*Goal of the exercise:* Work through the listing below and give again exactly the lines from the one with "A row of glittering" to the one with "We wanted to", both ends included. All other lines and all pictures stay out.

*Given data:*
==============================

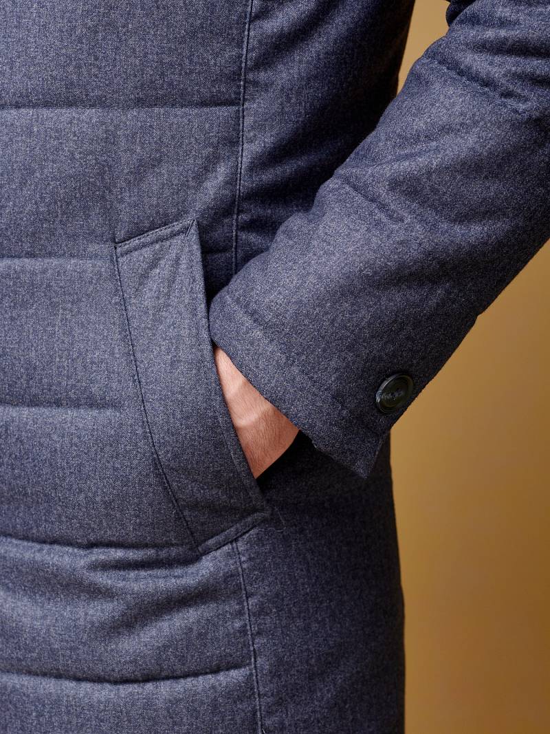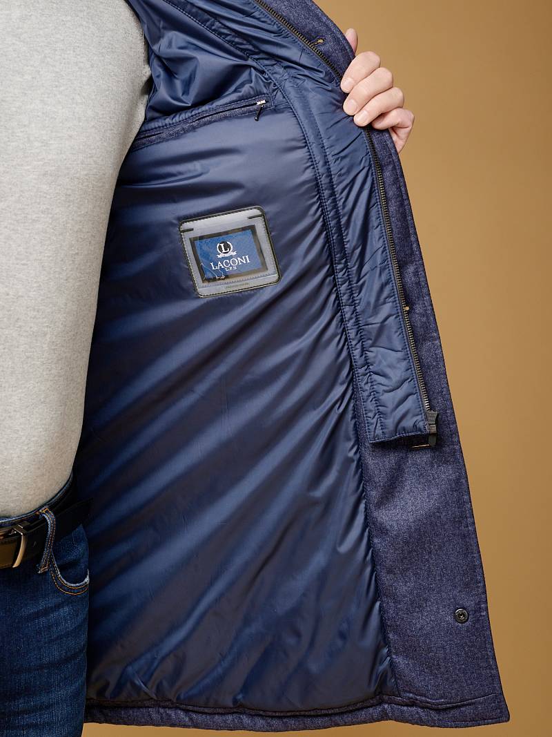 Куртка мужская утепленная с отстегивающийся манишкой на молнию. Застежка куртки на 6 пуговиц. Воротник - стойка. Полочки, спинка, рукава- простеганы горизонтальной стежкой. На полочках - два нижних боковых кармана с листочками. В нижней части среднего шва спинки- шлица на 2-х кнопках. Рукава втачные с локтевыми швами. На подкладке - два внутренних прорезных кармана на молниях. Длина по спинке для размера-роста 50/176 - 95см. Ткань верха: 60%шерсть, 40%полиэстер. Подкладка: 100%полиэстер. Утеплитель: термоплюс 200гр./160гр.
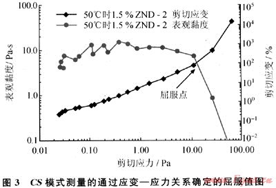 1) 選用CS控制應(yīng)力模式測量特種凝膠的屈服值符合屈服值定義,通過應(yīng)變一應(yīng)力雙對數(shù)曲線拐點(diǎn)能夠準(zhǔn)確的判斷凝膠樣品的屈服值。
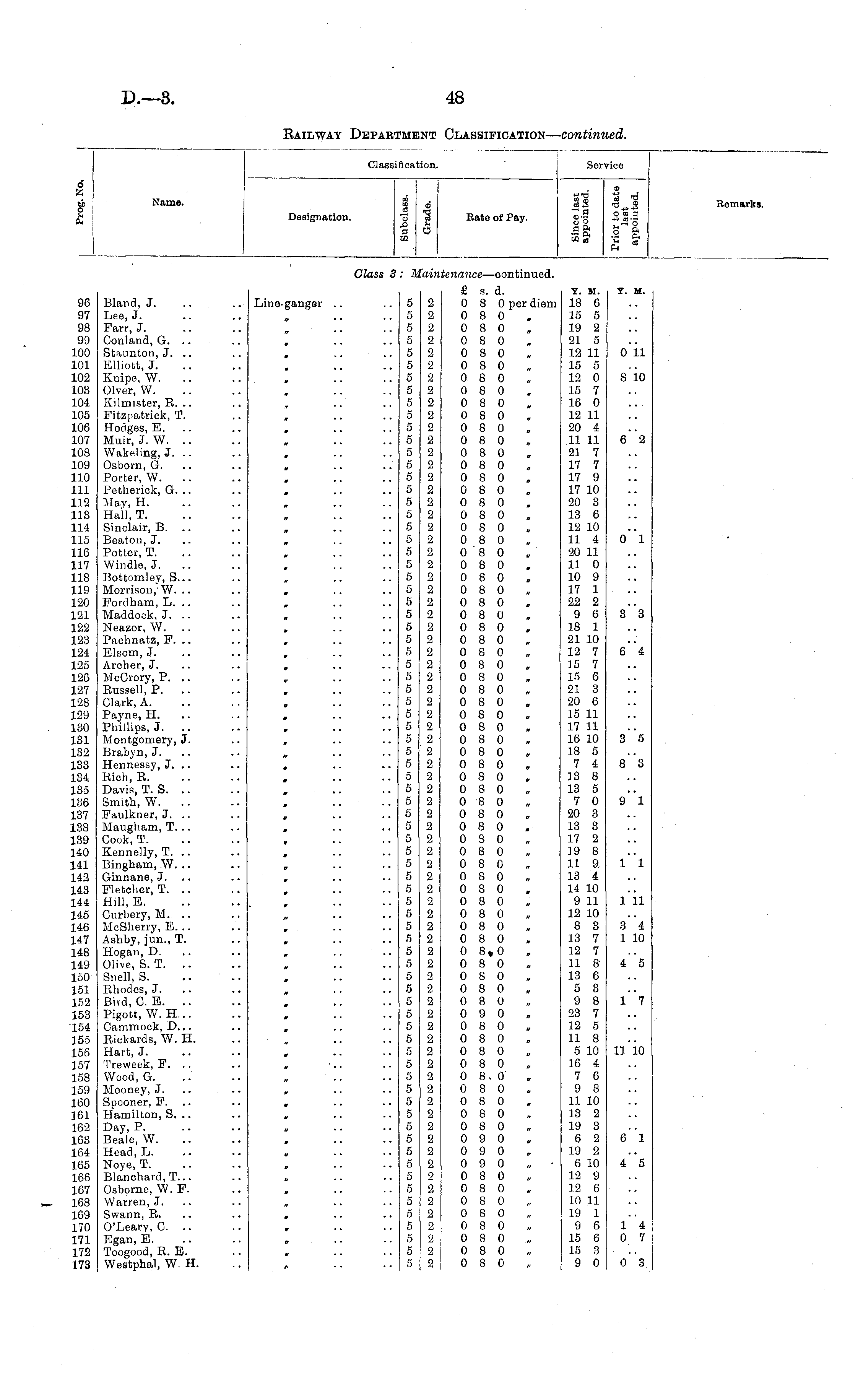 d s Name. Classj iflcation. 6 1 Bate of Pay. ll i I Service Designation. DO Remarki Class i fain, ienance —continued. 96 97 98 99 100 101 102 103 104 105 106 107 108 109 110 111 112 113 114 115 116 117 118 119 120 121 122 123 124 125 120 127 128 129 130 131 132 133 134 135 186 137 138 139 140 141 142 143 144 145 146 147 148 149 150 151 152 153 154 155 156 157 158 159 160 161 162 163 164 165 166 167 168 169 170 171 172 173 Bland, J. Lee, J. Parr, J. Conland,G. .. Staunton, J. .. Elliott, J. Knipe, W. Olver, W. Kilmister, R. .. Pitzpatrick, T. Hodges, B. Muir, J. W. .. Wakeling, J. .. Osborn, G. Porter, W. Petheriok, G. .. May, H. Hall,T. Sinclair, B. Beaton, J. Potter, T. Windle, J. Bottomley, S... Morrison, W. .. Pordham, L. .. Maddock, J. .. Neazor, W. Pachnatz, F. .. Elsom, J. Archer, J. McCrory, P. .. Russell, P. .. Clark,A. Payne, H. Phillips, J. .. Montgomery, J. Brabyn, J. Hennessy, J. .. itich.R. Davis, T. S. Smith, W. .. Faulkner, J. .. Maugham, T. .. Cook, T. Kennelly, T. .. Bingham, W. .. Ginnane, J. Fletcher, T. .. Hill.E. Ourbery, M. McSherry, E. .. Ashby, jun., T. Hogan, D. Olive, S. T. .. Snell, S. Rhodes, J. Bird, C. E. .. Pigott, W. H... Cammock, D... Rickards, W. H. Hart, J. Treweek, F. .. Wood, G. Mooney, J. Spooner, F. .. Hamilton, S. .. Day, P. Beale, W. Head, L. Noye, T. Blanohard.T... Osborne, W. F. Warren, J. Swann, R. O'Leary, 0. .. Egan, E. Toogood, R. E. Westphal, W. H. Line-ganger .. if • • IT ■> ■ « » • • r • ' r • • » • • 5 5 5 5 5 5 5 5 5 5 5 5 5 5 5 5 5 5 5 5 r> 5 5 5 5 5 5 5 5 5 5 5 5 5 5 5 5 5 5 5 5 5 5 5 5 5 5 5 5 5 5 5 5 5 5 5 5 5 5 5 5 5 5 5 5 5 5 5 5 5 5 5 5 5 5 5 5 5 2 2 2 2 2 2 2 2 2 2 2 2 2 2 2 2 2 2 2 2 2 2 2 2 2 2 2 2 2 2 2 2 2 2 2 2 2 2 2 2 2 2 2 2 2 2 2 2 2 2 2 2 2 2 2 2 2 2 2 2 2 2 2 2 2 2 2 2 2 2 2 2 2 2 2 2 2 2 £ s. d. 0 8 0 per diem 0 8 0 0 8 0 0 8 0 0 8 0 0 8 0 0 8 0 0 8 0 0 8 0 0 8 0 0 8 0 0 8 0 0 8 0 0 8 0 0 8 0 0 8 0 0 8 0 0 8 0 0 8 0 0 8 0 0 8 0 0 8 0 0 8 0 0 8 0 0 8 0 0 8 0 0 8 0 0 8 0 0 8 0 0 8 0 0 8 0 0 8 0 0 8 0 0 8 0 0 8 0 0 8 0 0 8 0 0 8 0 0 8 0 0 8 0 0 8 0 0 8 0 0 8 0 0 8 0 0 8 0 0 8 0 0 8 0 0 8 0 0 8 0 0 8 0 0 8 0 0 8 0 0 8*0 . 0 8 0 0 8 0 0 8 0 0 8 0 0 9 0 0 8 0 0 8 0 0 8 0 0 8 0 0 8 0 0 8 0 0 8 0 0 8 0 0 8 0 0 9 0 0 9 0 0 9 0 0 8 0 0 8 0 0 8 0 0 8 0 0 8 0 0 8 0 0 8 0 0 8 0 Y. M. 18 6 15 5 19 2 21 5 12 11 15 5 12 0 15 7 16 0 12 11 20 4 11 11 21 7 17 7 17 9 17 10 20 3 13 6 12 10 11 4 20 11 11 0 10 9 17 1 22 2 9 6 18 1 21 10 12 7 15 7 15 6 21 3 20 6 15 11 17 11 16 10 18 S 7 4 13 8 13 5 7 0 20 3 13 3 17 2 19 8 11 9. 13 4 14 10 9 11 12 10 8 3 13 7 12 7 11 813 6 5 3 9 8 23 7 12 5 11 8 5 10 16 4 7 6 9 8 11 10 13 2 19 3 6 2 19 2 6 10 12 9 12 6 10 11 19 1 9 6 15 6 15 3 9 0 y. m. oil 8 10 62 o"i 3"3 e"'4 S 5 8"3 9 1 « ■ ■ » • * • • ■ l"l a • • # l'il 3 4 1 10 4 5 l"7 » ■ ■ 11 10 a> • ■ g"i » w • • i"5 1 4 0 7 03 n • •
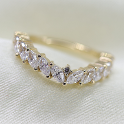 A row of glittering brilliant cut marquise gemstones angled to come together at a point in the middle with delicate r...
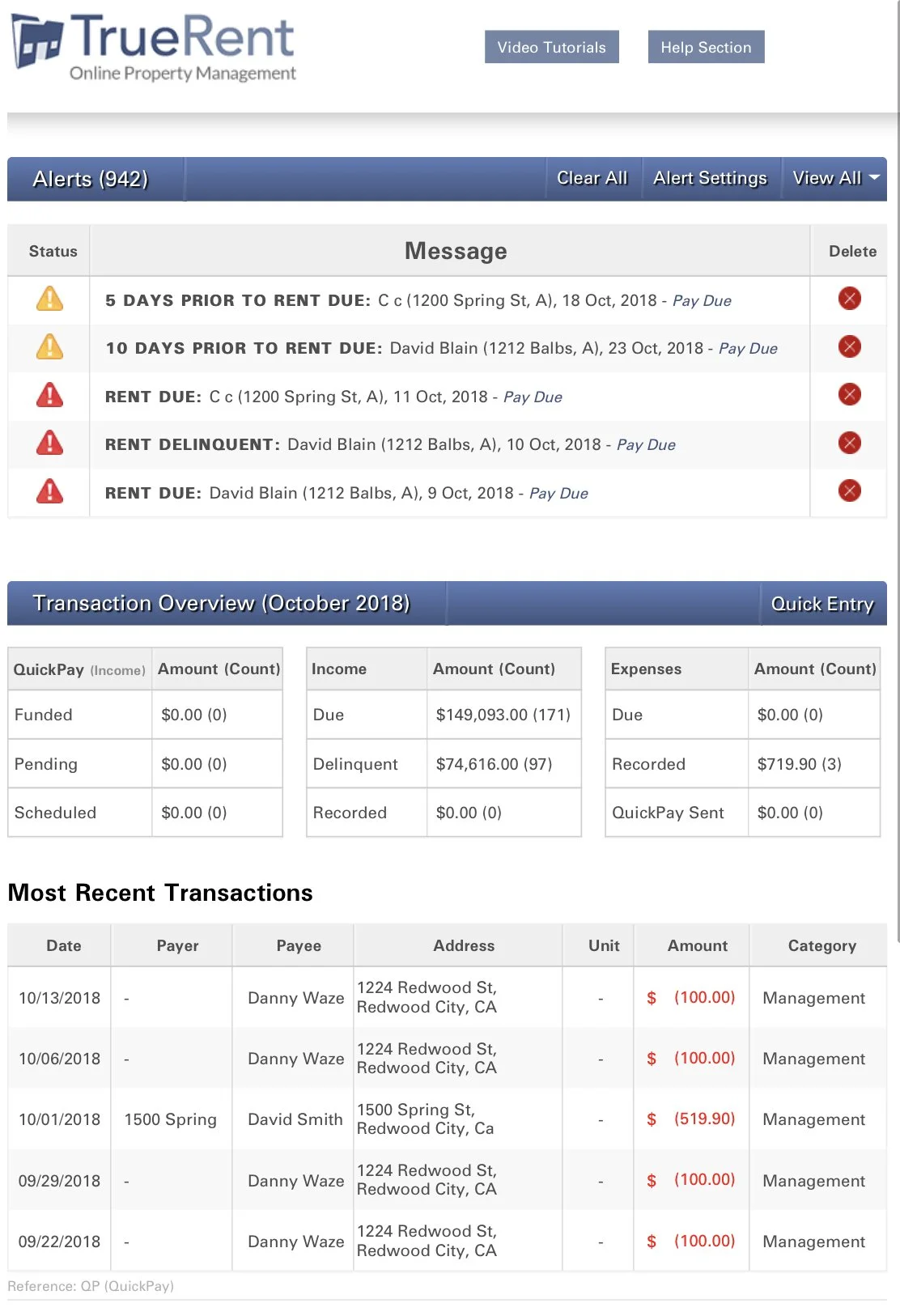 We wanted to keep the Alerts, users found this extremely helpful, allowing them to address the necessary items, like delinquent rent for example.
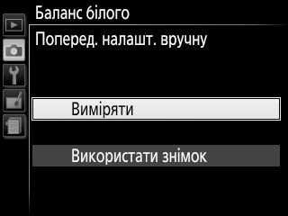 Фотокамера може одночасно зберігати тільки одне значення попереднього налаштування балансу білого; поточне значення буде замінено в разі вимірювання нового значення. Зауважте, що експозиція автоматично збільшується на 1 EV під час вимірювання балансу білого; якщо зйомка виконується в режимі M, налаштуйте експозицію таким чином, щоб індикатор експозиції показував значення ±0 (0 Індикатор експозиції).
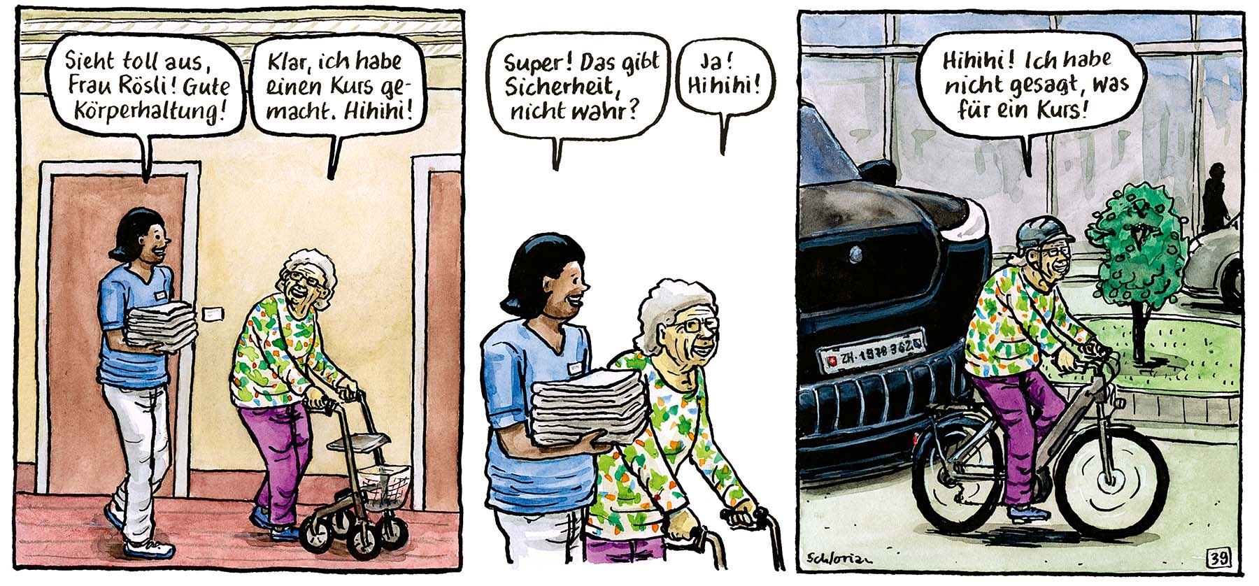 Wie heisst es doch so schön: Velofahren verlernt man nicht. Warum E-Bike-Kurse dennoch eine gute Sache sind – und das in mancherlei Hinsicht – verrät der Comic.

==============================

*Task solution:*
 A row of glittering brilliant cut marquise gemstones angled to come together at a point in the middle with delicate r...
 We wanted to keep the Alerts, users found this extremely helpful, allowing them to address the necessary items, like delinquent rent for example.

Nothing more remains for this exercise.